How does it feel to have transsexualism?

Below are comments and experiences of males affected by transsexualism. Michael—Victoria, 2002
“I can remember as far back as the age of five assuming that when I grew up I would be a man. It never occured to me that I might be a girl.”

Billy—USA, 2006
“For many people who consider themselves not necessarily transgender – but transsexual – there is a destination. It’s not about the journey or any kind of gender-play or drag. It’s about changing your entire life. I think a lot of people don’t understand that for many of us the idea is not to end up identifying as transsexual”

Lee Mun-gi—China, 2004
“I felt humiliated having to wear a girl’s school uniform. I’ve never felt like a girl. It was like living as a ghost. Since it looked like high school was going to be more of the same, I quit school…I’ve never lived life as a transsexual. I’ve always lived my life naturally as a man. So I don’t really know well the transsexual life.”

Stewart—Victoria, 2005
“The most important point for me is for folks to understand that I am a man, have always been a man and will always be a man, regardless of my previous physicality. That I have NOT “become” a man after having been a “woman”.”

James Green—USA, 1995
“I’ve had gender confirmation surgery.
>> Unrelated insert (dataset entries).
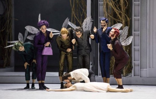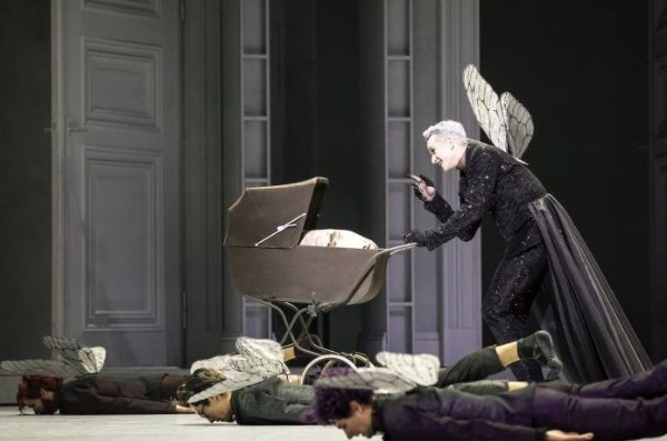 Den grössten „Coup“ setzt Spuck wohl mit seiner Sicht auf die Feen. Die Feen sollen also die Ziehmütter der Babys im Feenreich sein, bevor diese Kinder zu den Menschen gebracht werden. Das Eindringen der Menschen in dieses Feenreich wird gar nicht gern gesehen. Allerdings sind diese Feen allesamt mit Tinkerbell-Flügeln versehene Männer, was dem Ganzen einen etwas affektiert-tuntigen Anstrich verleiht, gemildert allerdings durch virtuoses, insektenhaftes Getrippel. Manchmal erklimmen die Feen die Wände und kleben dann wie geflügelte Insekten daran. All dies ergibt einige lustige Situationskomik, etwa wenn als Schlaflieder für die Babys Songs wie Tom Jones‘ Sex Bomb geträllert werden, und Christian Spuck schafft die diffizile Gratwanderung zwischen affektierten Drama-Queens und schwuler Elternliebe gerade noch ohne abzustürzen. Diese Feen scheinen berühmten Persönlichkeiten zu ähneln, aber vielleicht verrenne ich mich da. Jedenfalls erinnerte mich z.B. die Goldfee (George Susman) an Don Quijote. Umwerfend gut wirft sich Jan Casier als Fliederfee mit rosa Handtäschchen in die Rolle. Da stimmt jede (tuntige) Handbewegung, jeder Augenaufschlag, das Richten der Perücke, das Wegwischen eines Flusels auf dem Revers – eines Ballett-Oscars würdig ist diese Darstellung! Aber erfrischend ist, dass all diese Feen in ihrer Affektiertheit von Christian Spuck doch sehr individuell gezeichnet werden:In den Variationen brillieren Iacopo Arregui als Silberfee, Dominik Slavkovský als Blaue Fee, Wei Chen als Grüne Fee und Mark Geilings als Rote Fee. Dazu kommen, wie erwähnt, die beiden Hauptfeen: Jan Casier als Fliederfee und William Moore als Carabosse (dämonisch schwarze Fee).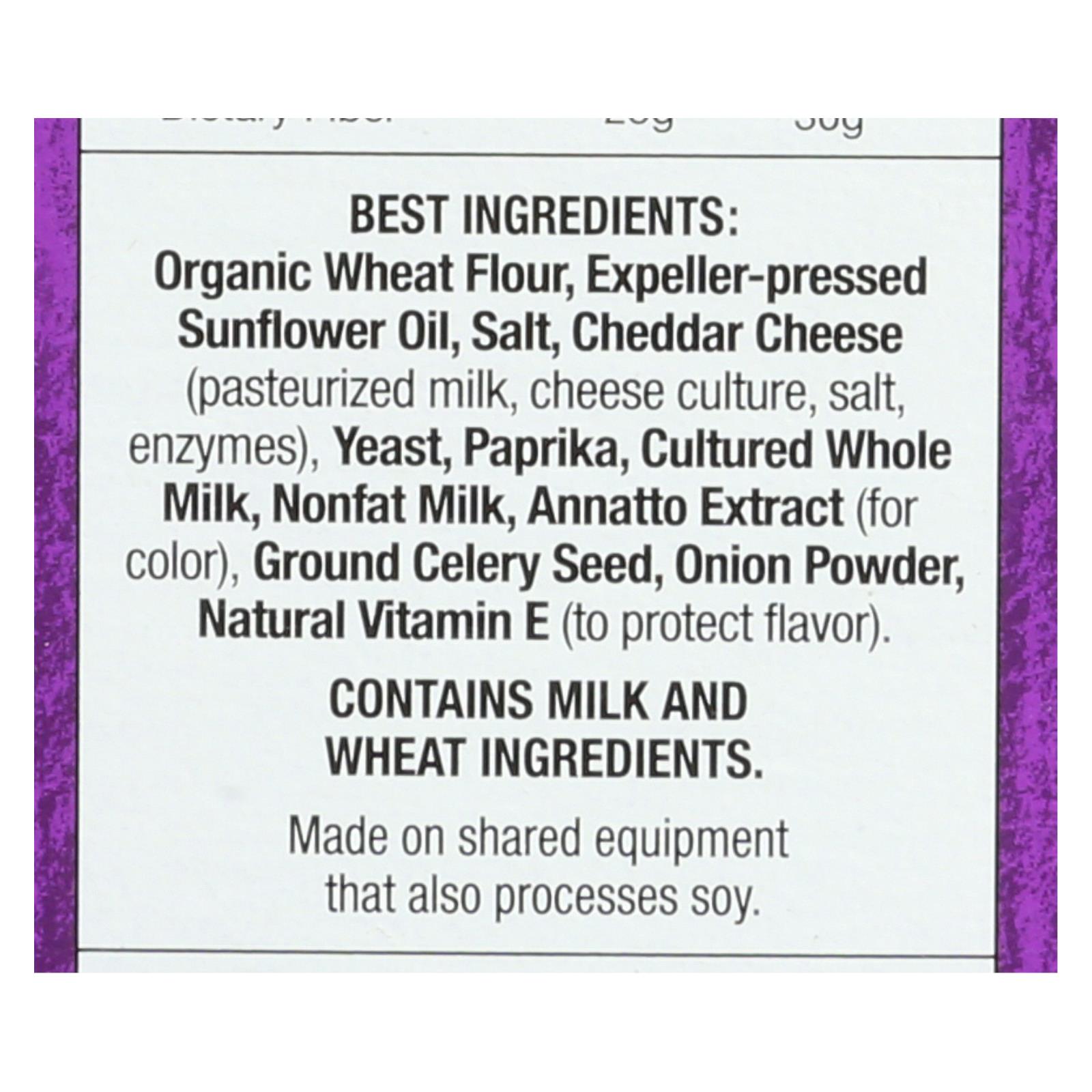 ingredients : best organic wheat flour;expeller-pressed sunflower oil;salt;cheddar cheese (pasteurized milk, cheese culture, salt, enzymes);yeast;paprika;cultured whole milk;nonfat milk;annatto extract (for color);ground celery seed;onion powder;natural vitamin e (to protect flavor)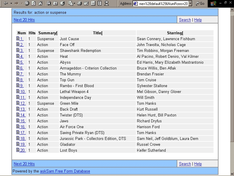 4. Saves information from Web-based forms directly into an askSam database thus making the information immediately searchable.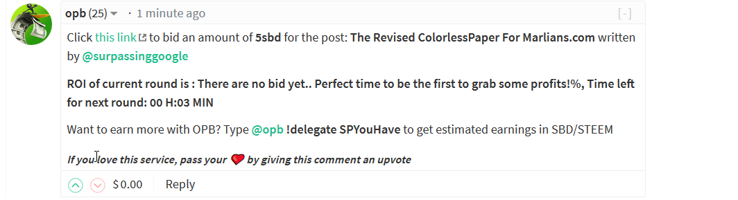 | @opb | !vote, !delegate, !bid, !status | post,reply | 5sbd, 5steem | |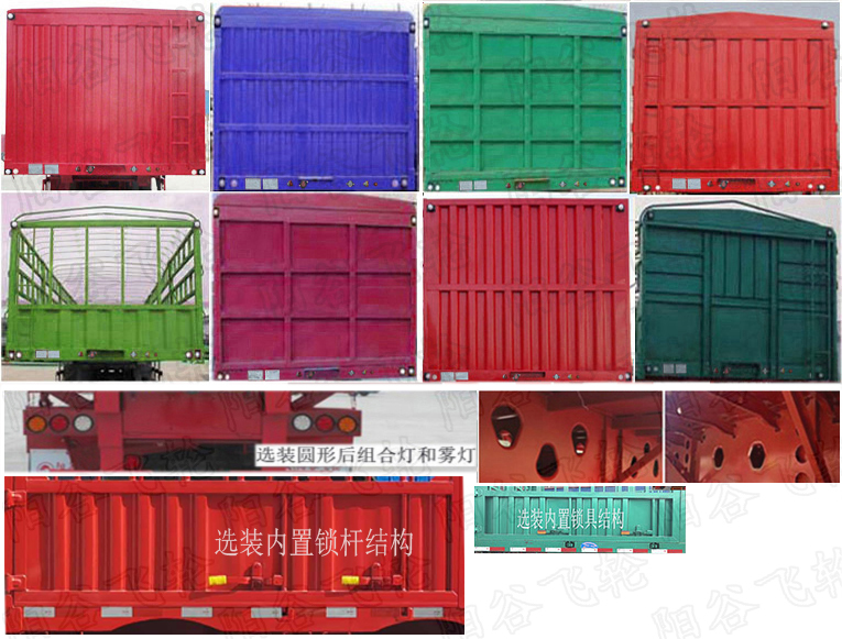 | 车厢底板**仓栅顶部高度为1800mm(3050mm,3100mm),2000mm(3250mm,3300mm).该车悬架型式为空气悬架,棚杆焊死不可拆卸.整车货厢栏板选装竖瓦楞,方管平板,平板十字花交叉样式,方管十字花样式;整车各种仓栅样式选装二层,三层,上下层仓栅可;选装对开门长锁杆或短锁杆,内置锁杆结构,每扇门选装2根或3根锁杆;后部选装花栏式后门,三开扇后门,对开半封闭后门,对开全封闭样式为横瓦楞,竖瓦楞,方管平板,方管十字花平板后门;选装前挡板样式,选装半封闭前挡板,选装前挡板中间横加1根或2根方管,侧面选装四开门,五开门;选装圆形立柱结构;选装侧面样式,选装前挡板样式,选装后部样式,选装花栏样式;选装内置锁杆结构;选装大梁孔结构;选装圆形尾灯和雾灯;选装工具箱.选装前立柱样式.ABS系统生产企业/型号:广州瑞立科密汽车电子股份有限公司/CM2XL-4S/2M,山东顺安达汽车科技股份有限公司/SHUNANDA-4S/4M;侧面防护装置的材质为Q235或铝合金5083,侧面防护装置材质为Q235时与车身连接方式为焊接或螺栓连接,侧面防护装置材质为铝合金5083时与车身连接方式为螺栓连接;后下部防护装置的材质为Q235,与车身连接方式为焊接连接;后防护装置的断面尺寸为140mm×60mm,离地高度为490mm. | |||

The term “gender dysphoria” was never true for me. I was always comfortable with my male gender identity. It was my sex, my female body, that created the dysphoria…We do not change our gender; we change our sex in order to facilitate the full expression of our selves. Our gender opposes our sex, and it is the physical sex which causes the dysphoria and which we want to change.”

Andrew— NSW, 2003
“I am a man who was assigned to the gender called ‘female’ at my birth. Since society assumes that gender and sex always match, the doctor who looked at my genitals instead of my mind, assumed incorrectly I was a girl. Throughout my childhood I knew perfectly well that I was really a boy but because my body seemed to insist otherwise…I regard myself as a perfectly normal, well-adjusted man.”

Cameron—NSW, 2002
“I regard transsexualism as a medical condition like any other and transition as a rehabilitative process…one does not spend all their life transitioning. I also believe that when one transitions it is more about a transitioning of public genders than anything else. That transitioning is about the rest of the world realising the truth of who I am and the recognition that comes with this. I have always known myself to be nothing but male despite the fact that a medical professional pronounced to my parents that I was a girl, based on a glance at my genitalia.”

Marcus Arana—USA, 2006
“We don’t want to be separated out from other men and women. My gender identity is not about being transgender; it’s about being male.”

Tracey—USA, 1970
“”I’m not a woman — that’s the whole point. I’m a man. Inside myself I’m a man and as a man it’s a horror for me to have breasts. They’re constant reminders that nature made a dreadful mistake in putting me together. I have to get rid of all the woman in me, and surgery is the only way.”

Mark—NSW, 1990
“When I go to the beach the top of me looks male and bottom half doesn’t. It might take three operations, it might take five. I’ve been through a lot of pain and there’s more to come. But in the long run, I’ll be what I always should have been.”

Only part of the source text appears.